Comment avaient donc fait les gitans pour savoir qu’il y avait dans le dépôt — et plus précisément dans le bureau de hadj Métoualli — la boîte à pharmacie d’usage, d’un blanc passé et sur laquelle étaient représentés le croissant rouge et la croix rouge. Une boîte qui contenait les produits de premiers secours habituels : de la mercurescéine, de l’iodacétone, de la gaze, du coton, de l’alcool pharmaceutique blanc, une fiole à moitié pleine de désinfectant phénique, des tubes de Voltaren et d’Hémoclar, une boîte d’Aspro et d’Alexoprine, du Panadol, des tubes de Dermazin pour les brûlures et une fiole de Dettol.
Il vint à l’esprit d’Al-Makhzangui — il avait apparemment une grande imagination et était toujours prompt à retourner les éventualités pour expliquer un événement isolé et simple de prime abord — que les gitans avaient une taupe ou même plusieurs, parmi les employés du dépôt. Etait-ce Fathi le cantinier, Hakim Al-Naggar, ou même le raïs Nounou en personne — pourquoi pas après tout — ou bien Fathi le Saïdi ? L’essentiel est que les gitans connaissaient, apparemment, les secrets du dépôt.

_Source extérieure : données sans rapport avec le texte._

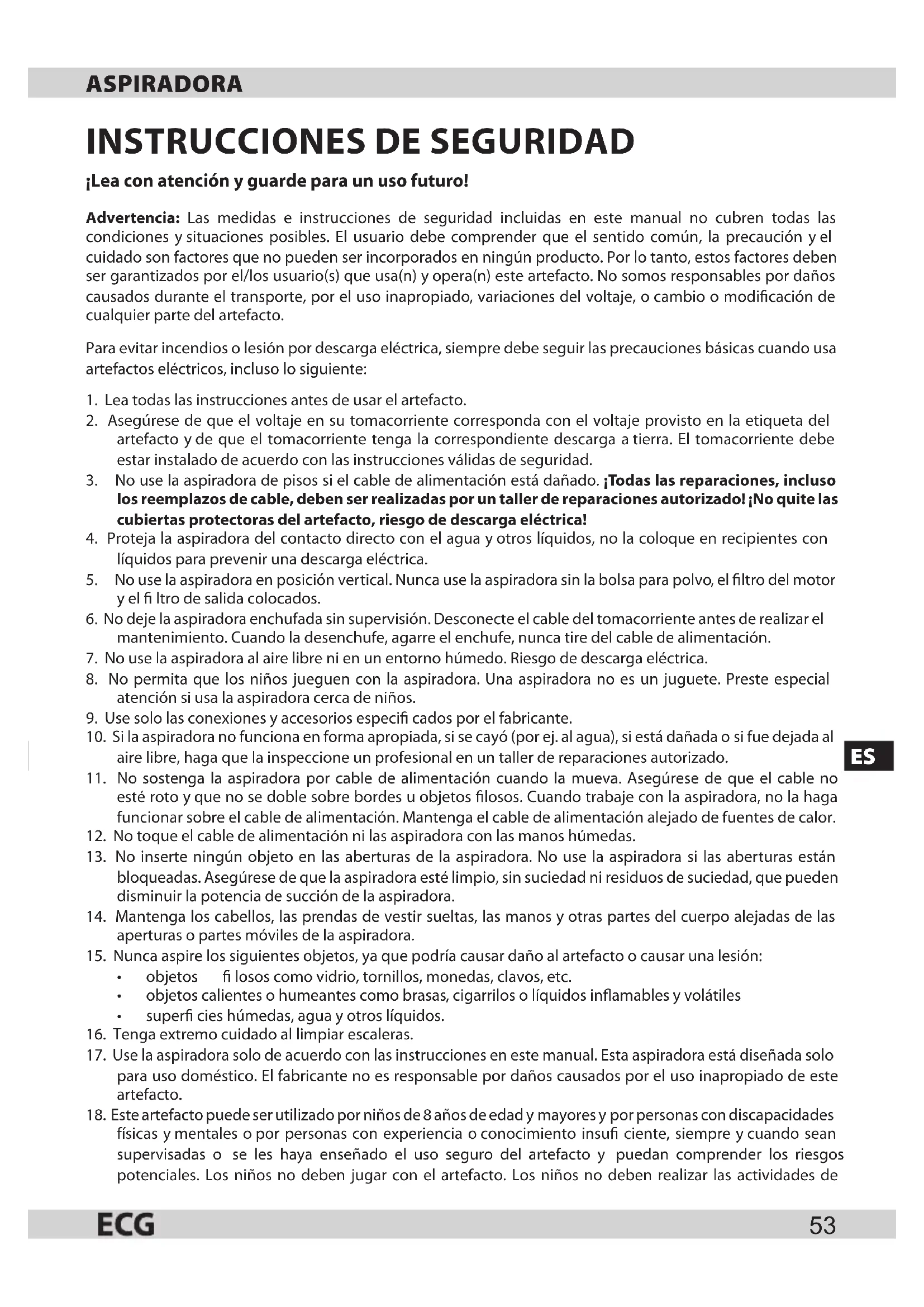 Descarga las instrucciones para tu Aspiradora en formato PDF gratis! Encuentra tus instrucciones VP 2122 S - ECG y toma tu dispositivo electrónico nuevamente en la mano. En esta página están publicados todos los documentos necesarios para el uso de su dispositivo. VP 2122 S de la marca ECG.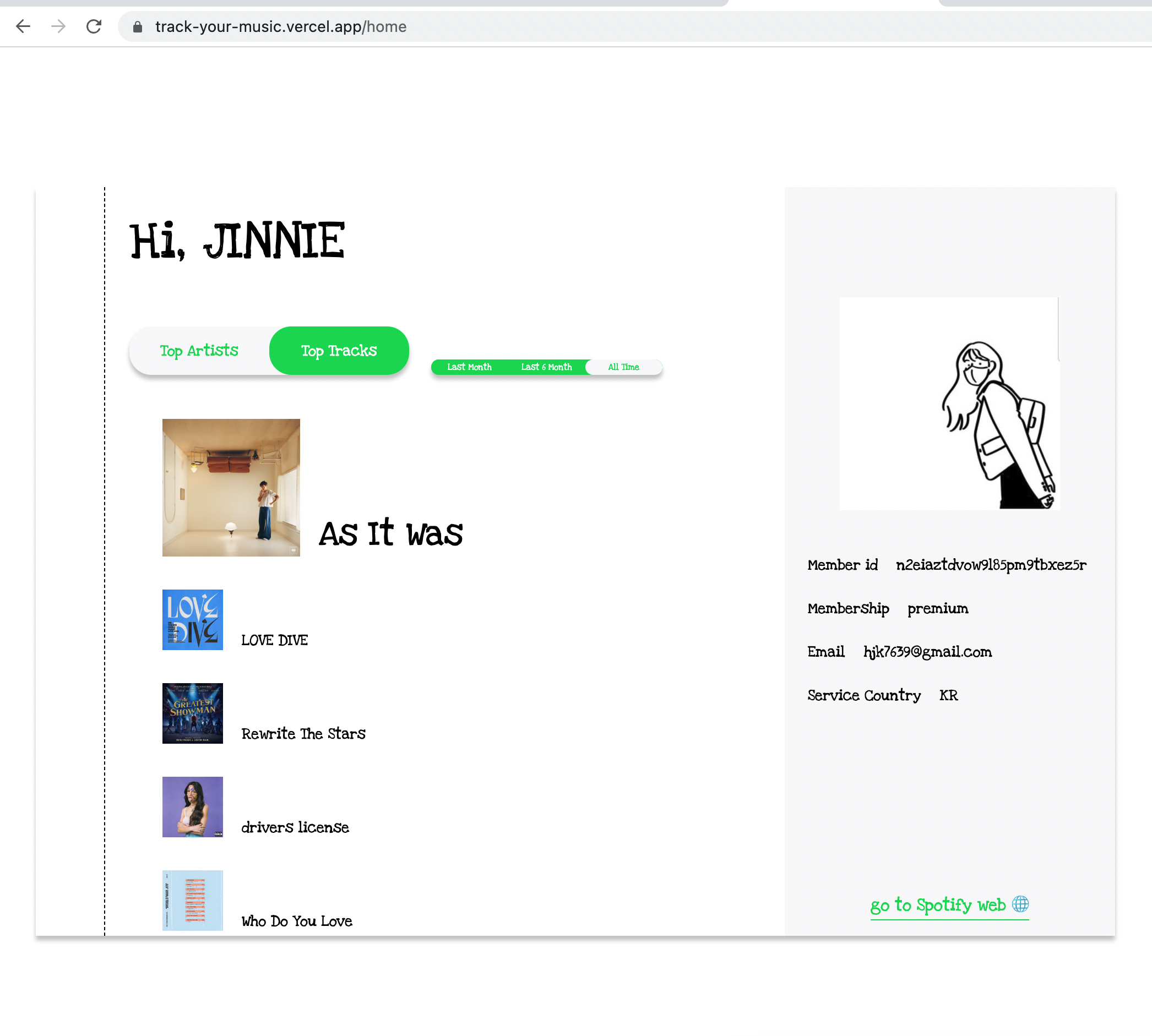서비스 배포 완료: https://track-your-music.vercel.app/ (현재 닫아둔 상태입니다.)
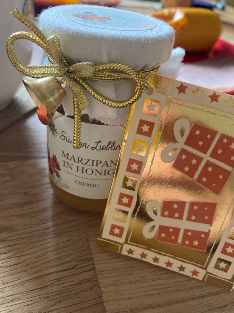 [Etwas später:] „Mal sehen, wie das Marzipan in Honig schmeckt, das ich gestern bekommen habe!“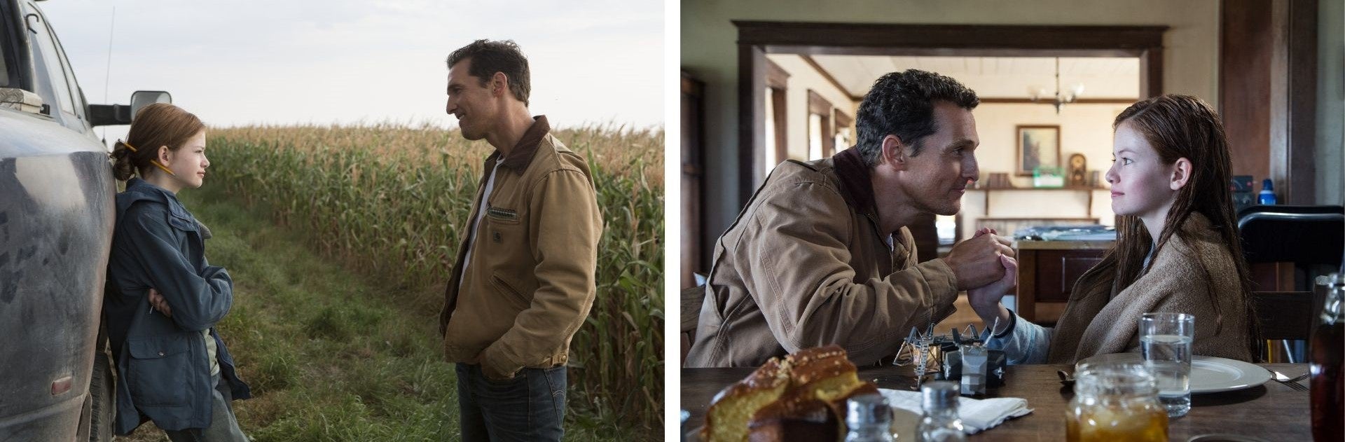 地球規模の異常気象と飢饉によって人類滅亡の危機が迫る近未来が舞台。幼い娘を持つ、元宇宙飛行士のエンジニアで現在はトウモロコシ農場を営んでいるクーパー(マシュー・マコノヒー)は、NASAの要請に応じてラザロ計画に参加することになります。その計画とは、土星付近に突然発生したワームホールを通り抜け、新しい惑星へと人類を移住させるという、命を懸けた前代未聞の極限ミッション。家族と人類の未来を守るため、ミッションに参加することを選んだクーパーは、娘のマーフとの別れを惜しみながらも、旅立ちの際に自分の腕時計を手渡します。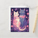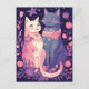 Une belle carte de voeux avec deux chats célestes entourés de fleurs et d'étoiles. Parfait pour toutes les occasions, cette carte capte une atmosphère magique et rêveuse avec des couleurs pastel douces.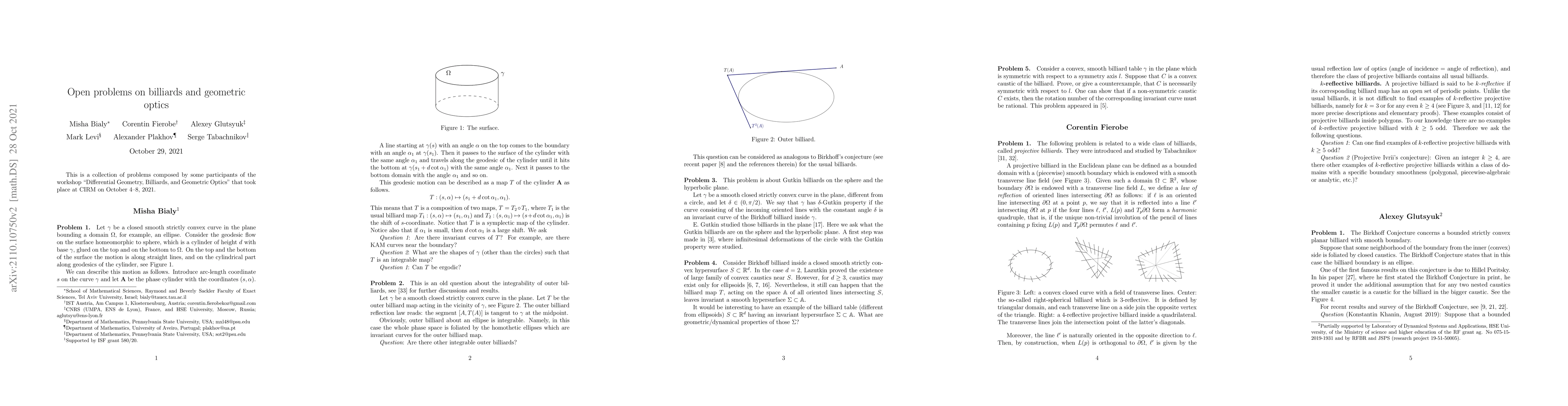 This is a collection of open problems from workshop "Differential Geometry, Billiards, and Geometric Optics" at CIRM on October 4-8, 2021.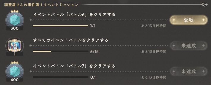 焦らずゆっくり未来へ | 【開催期間】 常設イベント 【主な報酬】 描いた理想はまだ遠く |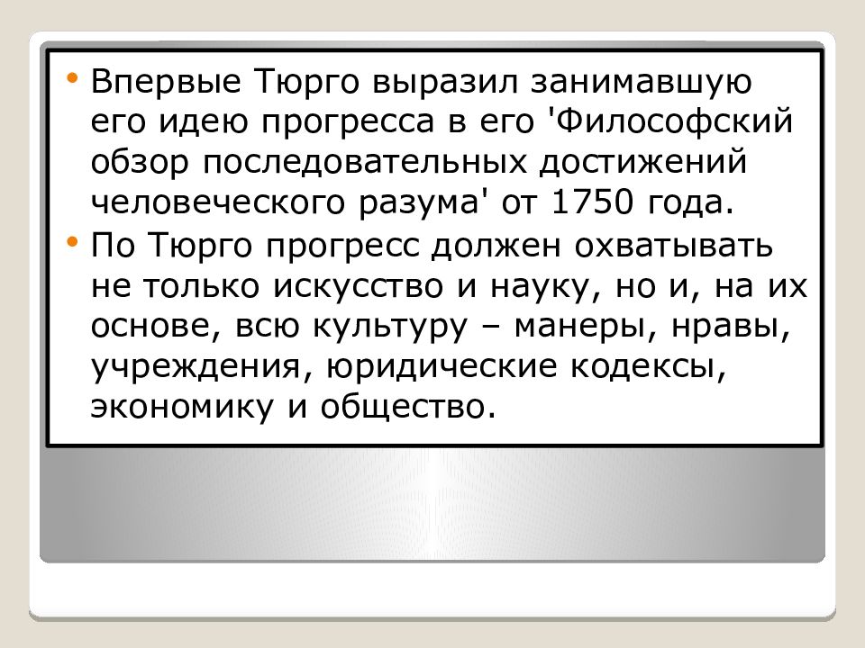 Впервые Тюрго выразил занимавшую его идею прогресса в его ' Философский обзор последовательных достижений человеческого разума ' от 1750 года. По Тюрго прогресс должен охватывать не только искусство и науку, но и, на их основе, всю культуру – манеры, нравы, учреждения, юридические кодексы, экономику и общество.

Avec des pas lents, comme hésitants, bien que la chose relève du simple humanitaire, Al-Makhzangui entra dans le bureau du directeur, le salua et lui demanda l’autorisation d’un mouvement de la tête et d’un geste de la main. Il ouvrit la boîte de pharmacie, en regarda attentivement le contenu et y prit le tube de Dermazin.
Il dit à Manora :
— Rends le tube après en avoir enduit la brûlure ! Tu en appliques un tout petit peu sur la surface à traiter ; ne va pas en mettre partout. Une petite quantité suffit …
— Je sais, notre effendi ; par le prophète, je sais. Que Dieu te le rende ; qu’il exauce tous tes voeux et te permette de monter le plus haut possible.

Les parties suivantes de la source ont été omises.